TC Rooney was also concerned by the lack of acknowledgement from Mr Hazell that he may be doing something wrong and that he appeared so certain in his own flawed thinking that he lost the ability to listen and to learn. The evidence spoke for itself. The PMIs recorded few significant defects yet the MOT pass rate was low, leading to a finding that vehicles are not being kept fit and serviceable by a very wide margin. There was no evidence that maintenance records are not being kept.

In reaching a decision, significant weight was attached to the prohibition notices, given the severity of the defects and that they should have been prevented by an effective maintenance regime.

The TC noted that Anthony Hazell at one moment argued technical matters yet at another it was submitted by Mr Banks that he was not technical and relied upon his technician. It is difficult to have it both ways. PMIs were signed-off by Mr Hazell as supervisor and it appeared that he conducted much of the decelerometer brake testing as it was his signature on the printouts. He also noted that Mr Hazell’s approach was old-school, to the degree is such that it makes him dangerous. Routinely adjusting automatic slack adjusters in a way not seen for 25 years is a recipe for a fatality, he said, further suggesting that Mr Hazell appeared to lie at will, with some explanations not fitting the evidence provided.

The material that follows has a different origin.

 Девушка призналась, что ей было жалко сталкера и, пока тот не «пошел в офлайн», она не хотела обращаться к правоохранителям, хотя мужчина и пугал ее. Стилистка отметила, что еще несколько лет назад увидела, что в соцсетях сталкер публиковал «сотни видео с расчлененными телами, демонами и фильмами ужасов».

Anthony Hazell was accepted to be the controlling mind of the operation with Ms Alderton noting that she had little day-to-day involvement and could not take on the role of transport manager. Mr Hazell was pushed to a great degree to accept that he would have a second or alternative transport manager and a second or alternative maintenance provider. The TC noted that the reluctance with which those concessions were made was considerable. A change of transport manager might have been a way forward, he said, and for it to be convincing, the new transport manager designate should have made an application before the public inquiry and been there. Mr Hazell had made it clear that he would not cede control. He might accept assistance, but not step back.

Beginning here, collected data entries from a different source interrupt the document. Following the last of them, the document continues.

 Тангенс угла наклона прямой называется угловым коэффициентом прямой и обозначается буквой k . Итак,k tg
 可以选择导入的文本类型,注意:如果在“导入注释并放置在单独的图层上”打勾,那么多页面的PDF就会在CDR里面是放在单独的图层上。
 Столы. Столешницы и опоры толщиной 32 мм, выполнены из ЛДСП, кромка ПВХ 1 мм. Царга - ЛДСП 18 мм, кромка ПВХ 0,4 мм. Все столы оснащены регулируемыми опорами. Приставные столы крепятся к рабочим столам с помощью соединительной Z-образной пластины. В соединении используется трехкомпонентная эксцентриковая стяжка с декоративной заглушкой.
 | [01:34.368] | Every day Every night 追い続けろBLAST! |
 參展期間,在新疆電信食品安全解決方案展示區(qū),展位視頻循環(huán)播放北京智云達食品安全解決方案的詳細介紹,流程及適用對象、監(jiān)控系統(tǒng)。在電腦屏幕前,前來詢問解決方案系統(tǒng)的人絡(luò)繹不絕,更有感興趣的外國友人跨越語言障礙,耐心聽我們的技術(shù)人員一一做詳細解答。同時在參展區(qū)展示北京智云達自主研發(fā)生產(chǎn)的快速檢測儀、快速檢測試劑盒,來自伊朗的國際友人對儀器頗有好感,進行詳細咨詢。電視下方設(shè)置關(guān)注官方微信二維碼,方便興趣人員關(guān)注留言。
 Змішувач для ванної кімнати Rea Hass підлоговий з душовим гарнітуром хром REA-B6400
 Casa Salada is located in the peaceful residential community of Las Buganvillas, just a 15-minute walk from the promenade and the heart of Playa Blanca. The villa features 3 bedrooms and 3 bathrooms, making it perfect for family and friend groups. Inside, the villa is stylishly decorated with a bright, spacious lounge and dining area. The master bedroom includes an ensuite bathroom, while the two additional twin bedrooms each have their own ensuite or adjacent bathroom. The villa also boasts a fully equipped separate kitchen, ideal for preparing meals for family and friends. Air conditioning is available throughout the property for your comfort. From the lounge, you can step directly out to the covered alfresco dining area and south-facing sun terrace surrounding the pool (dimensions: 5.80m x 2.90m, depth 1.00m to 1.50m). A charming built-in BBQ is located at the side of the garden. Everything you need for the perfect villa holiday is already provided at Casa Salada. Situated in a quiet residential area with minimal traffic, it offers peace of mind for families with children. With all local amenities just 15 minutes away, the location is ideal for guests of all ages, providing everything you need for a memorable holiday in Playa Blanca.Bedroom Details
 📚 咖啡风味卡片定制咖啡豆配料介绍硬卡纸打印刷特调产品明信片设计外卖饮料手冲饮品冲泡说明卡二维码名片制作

Adverse reports from the TE and VE showed shortcomings all of which fell at the transport manager’s door but the TC acknowledges there were positives. The undertaking to have regular roller brake tests had been adhered to, albeit they appeared not to have been acted upon. Vehicles were inspected on time. The fleet inspection found four vehicles substantially clear of defects. The MOT history had improved. There had been no significant drivers’ hours matters.

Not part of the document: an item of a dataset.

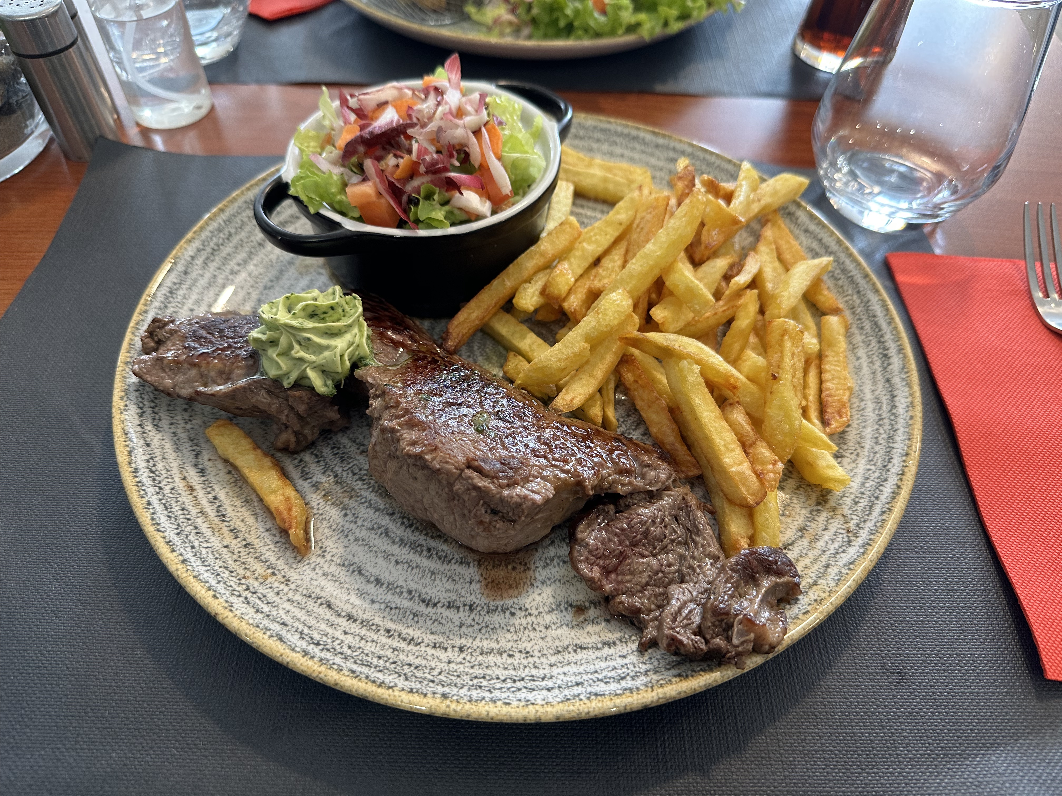Juste parfait: succulente touche perso dans la sauce d accompagnement de la salade , plats très bons et belle présentation, je recommande même le café gourmand, très gourmand. Service qui se démène pour satisfaire la clientèle, très aimable, rapide et aux petits soins... Les hôtes de ce ce lieu méritent vraiment qu on s y attarde...

Asking himself whether he could trust this operator to comply in the future, TC Rooney said that Anthony Hazell has been in the industry 36 years but unfortunately appeared to mistake experience for expertise and was set in his ways. The TC saw no sign that he would cede control nor work in any true partnership whether with another transport manager or maintenance provider and found that Mr Hazell was incapable of managing the transport operation and so his good repute as transport manager was lost.

Decision
In concluding, the TC judged that Mr Anthony Hazell has forfeited his good repute as transport manager and disqualified him from acting as such until he sits and passes again the transport manager certificate of professional competence. TC Rooney also found that the operator was no longer professionally competent, and further and separate adverse findings that vehicles are not kept fit and serviceable and that prohibitions have been issued, led to the decision that the licence be revoked with effect from 31 December 2020. The TC made no adverse finding in relation to Ms Carolyn Alderton as a transport manager or her sole trader licence.